Finalmente passo l’ultimo desk, quello in cui 3 dottoresse si assicurano di eventuali particolari situazioni personali per stabilire qual è il vaccino giusto per ciascuno e infine mi accomodo sulle sedie alle porte degli stanzini in cui viene fatto il vaccino, in attesa di essere chiamato, dove due signore, credo volontarie, “gestiscono” le sedie e l’entrata negli stanzini. Tutte queste persone sono sorridenti, di un sorriso che normalmente non trovi in giro e con gentilezza ti chiedono di spostarti da una sedia all’altra.

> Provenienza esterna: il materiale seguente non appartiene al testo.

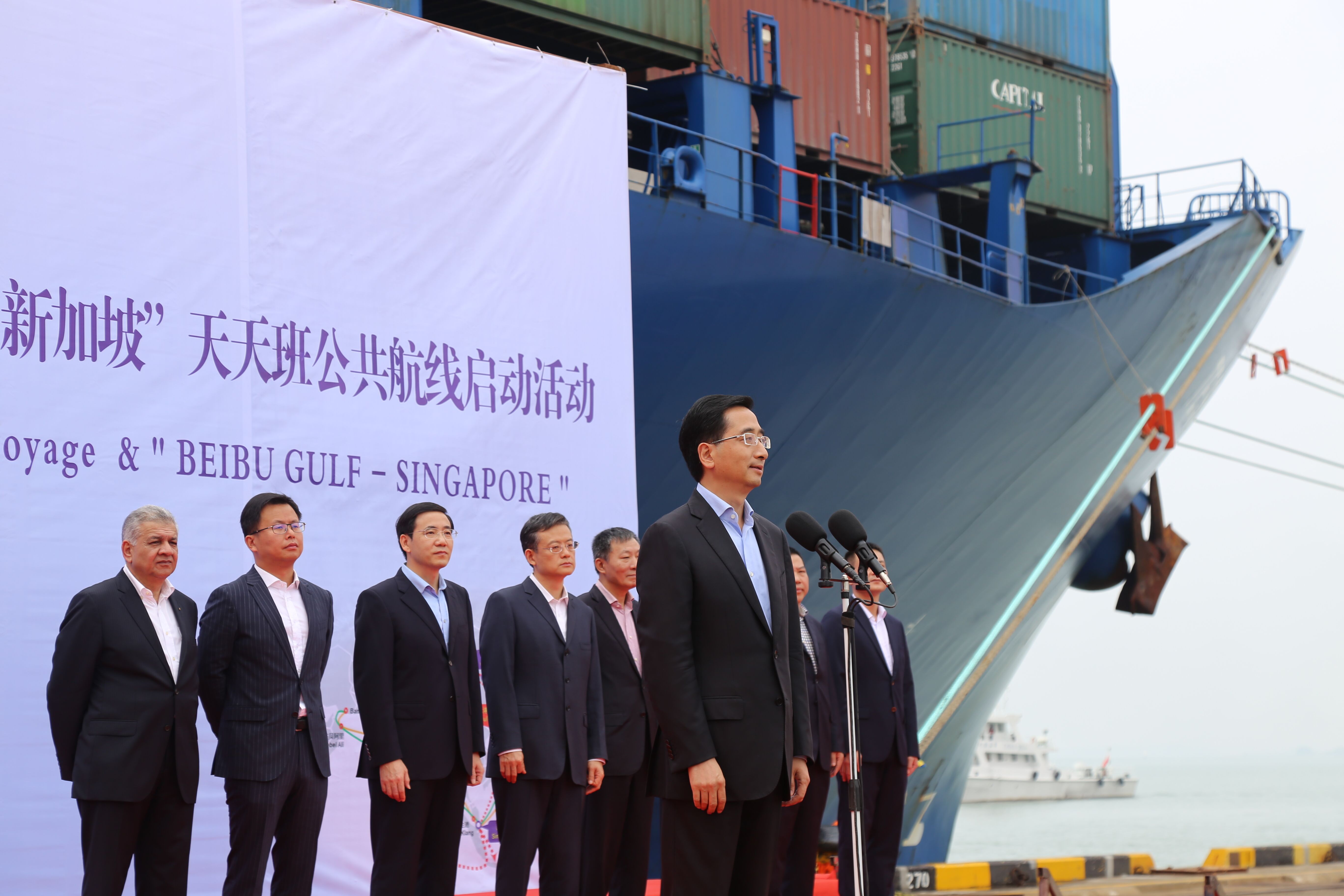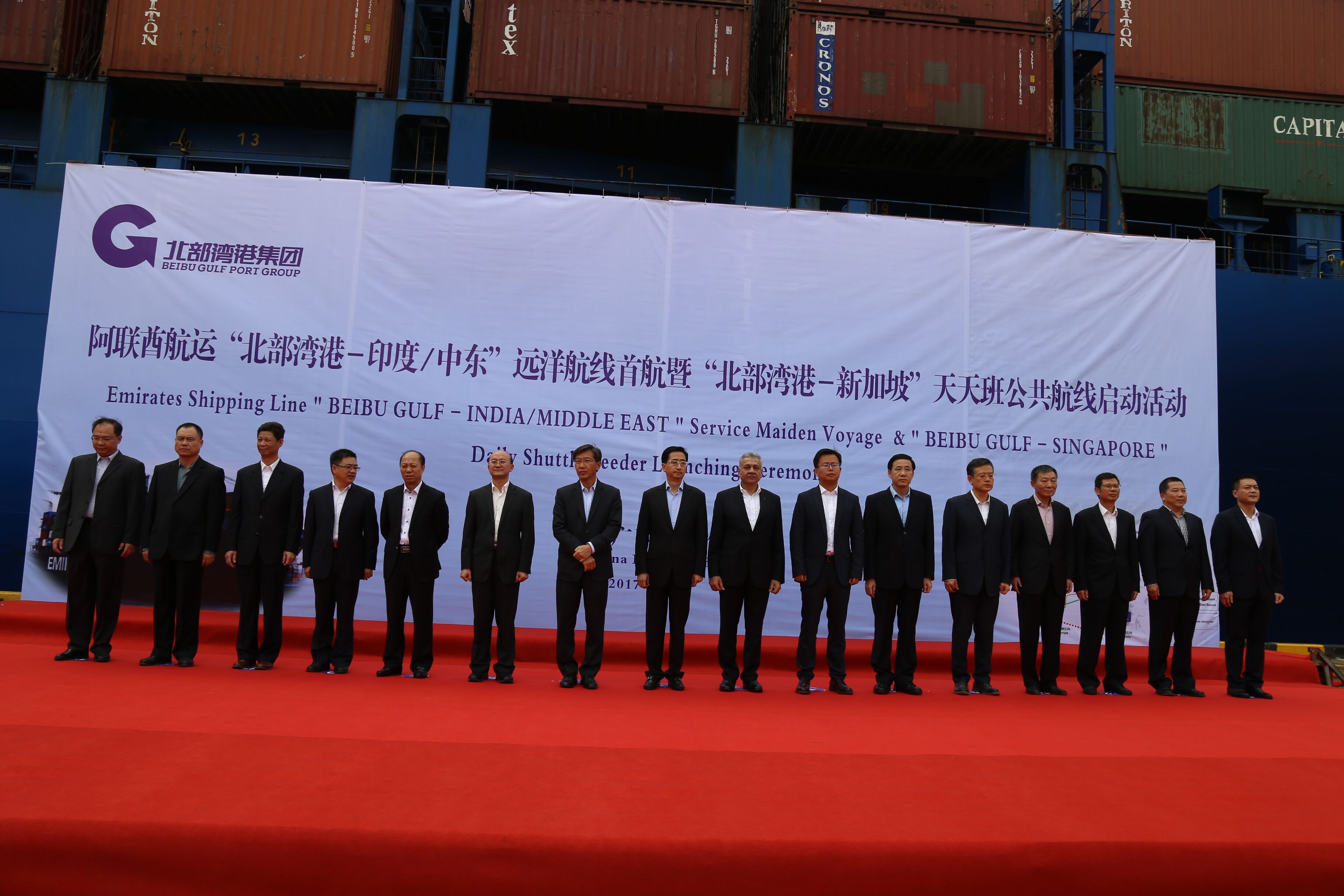 【香港商报网讯】记者唐琳报道:2017年11月9日上午,由阿联酋航运运营的“北部湾港-印度/中东”远洋航线首航暨“北部湾港-新加坡”天天班公共航线启动活动在钦州保税港区举行,这标志着北部湾港直航新加坡、通达印度/中东等地的远洋航线正式开通,也是中新互联互通南向通道有效延伸及开拓国际中转业务的关键一步。

Vengo chiamato ad entrare nello stanzino per il vaccino e trovo un’infermiera che mi dice: “Guardi oggi sono un po’ lenta perché è il quinto giorno di seguito qua” come a volersi scusare perché non è efficiente al 100%. Continua: “Ero in pensione, ma c’era bisogno… E poi fare questo lavoro mi piace troppo. Mi piace così tanto che anche mia figlia ha fatto l’infermiera di professione”. E mentre mi racconta queste cose mi fa la puntura, Pfizer per la cronaca. Mi dà qualche consiglio per il post vaccino, in caso abbia fastidi o dolori. La ringrazio e la saluto. Aspetto 15 minuti seduto ed esco. Torno in macchina e vado in ufficio. Sarà passata più di un’ora, forse una e mezza, perché la burocrazia è tanta. Però come credo di aver spiegato, ho trovato un’accoglienza, una disponibilità, una gratuità da parte di queste persone eccezionali, sorprendenti, commoventi.
Non so se questa esperienza che ho vissuto oggi sia stata un caso, ma non credo. Ringrazio di cuore tutte le persone che in queste settimane stanno collaborando a questa importante missione per il bene di tutti, a partire da Cerro e arrivando a tutto il Paese.